You walking away can be one of the first steps in the process of changing someone else’s mind – because it’s the someone else in that situation who does the central work of changing their own beliefs.

How and when you walk away can make a big difference in how likely they are to succeed.

Part 1|Part 2|Part 3 | Part 4 

Sometimes you’ll want to write your farewells when you leave a conversation.

It might be to let people know not to direct further conversation to you, or so you have something to hold yourself to when you’re tempted to re-enter the discussion.

If you’re leaving a conversation that has gotten tense, it can make your departure easier all around if you avoid putting forth arguments or criticisms on your way out.

Now, depending on the quality of the discussion when you opt out of it, people might gloat or judge you for disengaging from it. It can feel like you’re surrendering by leaving.

Image: series of comments on a screen: Twisty Turny: how come you don’t believe in doorknobs? So And So: oh yeah? well how come you don’t believe in YOUR MOM, huh? Twisty Turny: ??? Okaaay… Well, I think I’m gonna leave this thread. Dog Lover: wow can you believe that guy? he’s not even pretending to have an argument for his side. So And So: yeah, just disappeared without discussing the issue at all! Dog Lover: must realize he hasn’t got a leg to stand on. typical.

But if leaving means that the other person has won, then the concept of winning an argument is pretty ridiculous.

Image: people are walking away from red person looking bored.

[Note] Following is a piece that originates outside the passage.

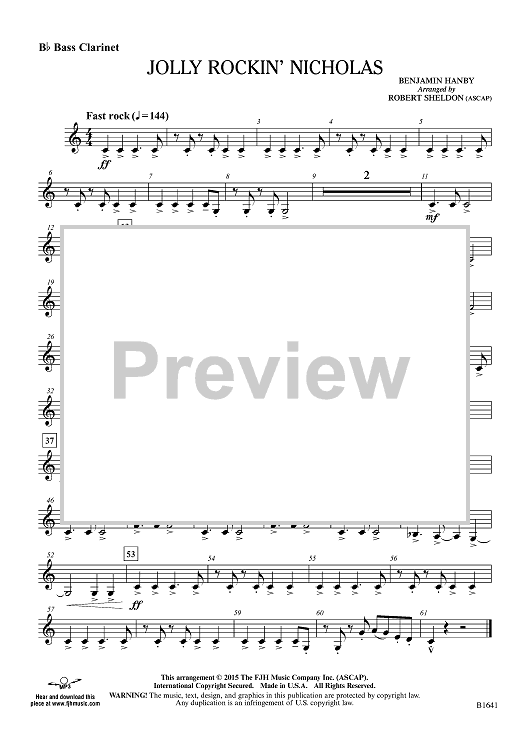 Digital Sheet Music for Jolly Rockin' Nicholas - Bb Bass Clarinet by Benjamin Hanby, Robert Sheldon scored for Concert Band; id:455160

Red person: Yes! I did it! I’ve argued so obnoxiously that no one wants to continue talking to me! Therefore I’m right.

Sometimes the argument is happening in a place you think of as your turf – like a tag you’re only used to sharing with a small group of people, a post you made, or even your messaging inbox. That makes it harder to leave, because you might need the people you’re arguing with to cooperate with you in dropping the discussion.

So, start by asking. Say something like, “Hey, I’m ready to stop having this conversation. Would you be willing to take it somewhere else?”

or, “I’m pretty burned out on this topic. Please don’t tag me or message me about it going forward.” Build the skill that is gently and persistently asking for space when you need it.

If repeated requests to end the conversation don’t work, try blocking the other person. Or if the website you’re on allows, block keywords related to the topic. If you can ignore someone entirely, that’s good too. They may get bored and go away.

They also might not.

If you can’t ignore someone, and they’re not responding to your requests to be left alone, that makes it pretty hard not to jump straight back into arguing aggressively on the topic you’re trying to drop.

When circumstances make it hard or impossible for you to avoid a person, you can always focus on continuing to make it clear that you’re done discussing the topic.

Image: Two people are on a desert island. Yellow person: You have to make me understand why you believe in zany things like doorknobs. Red person: No I don’t. Let’s talk about sand instead.Yellow person: I mean, doorknobs wouldn’t even be useful. Think about it. Red person: Yes-sir-ee, this sand sure is fine.

There’s a limit to how much you can do get others to leave you alone. But the more times and ways you can express your wishes without escalating a conflict, the better your chances are of being heard.